Traditionally, the family Campulidae has been associated either
with
the family Fasciolidae, parasites of ruminants, or the
Acanthocolpidae, parasites of fishes, based on morphological similarities.
Since morphology does not seem to resolve
clearly the problem of the relationships of campulids, we have used the
sequences of the 18S rRNA gene of the campulids
Zalophotrema hepaticum, Campula oblonga and
Nasitrema globicephalae, the fasciolid Fasciola hepatica,
the acanthocolpid
Stephanostomum baccatum and the outgroup Schistosoma mansoni
to infer a phylogeny. Maximum parsimony and neighbour-joining
methods were applied. Both methods indicated that campulids are closer
to
acanthocolpids than fasciolids.
In order to confirm this relationship, we generated a second phylogeny
using all the partial sequences of the 18S published
for trematodes: Lobatostoma manteri, Echinostoma caproni,
Calicophoron calicophorum, Tetracerasta blepta, Gyliauchen
sp.
and Opistorchis viverrini, plus those mentioned above, and
Dicrocoelium dendriticum. The aspidogastrean L. manteri
was
used as the outgroup. Results were identical to the first analysis.

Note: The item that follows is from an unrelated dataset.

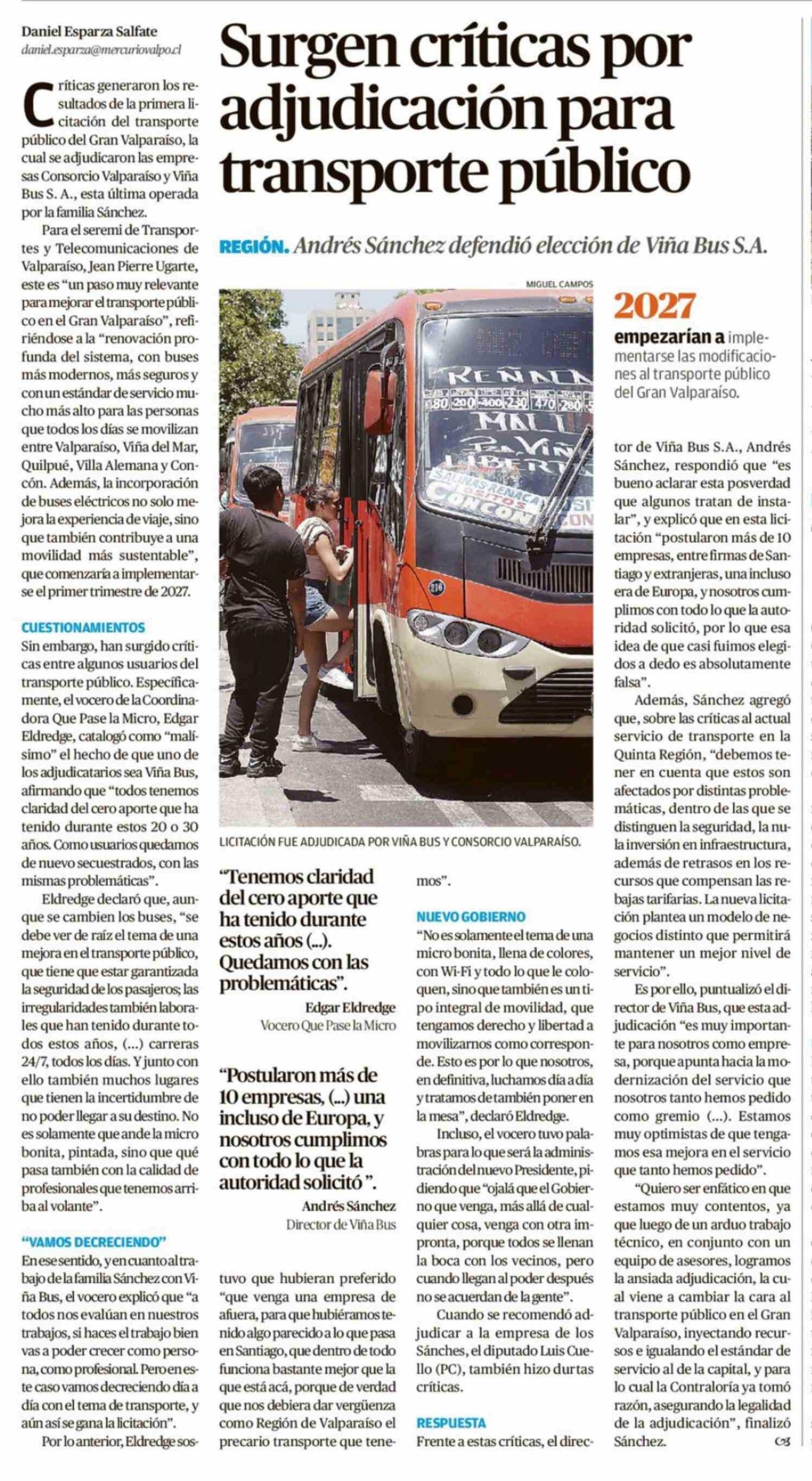 Título: Surgen críticas por adjudicación para transporte público

According to this and the most recent Digenean phylogeny,
which considers campulids and acanthocolpids as sister groups, we
suggest that a common origin for these 2 groups would
imply a host-switching process. The life-cycle of acanthocolpids
includes marine gastropods as first intermediate hosts,
and fishes as second intermediate and definitive hosts. In this
context, the hypothesis would be that trematodes whose
cycle ended in fishes were able to switch to mammalian hosts.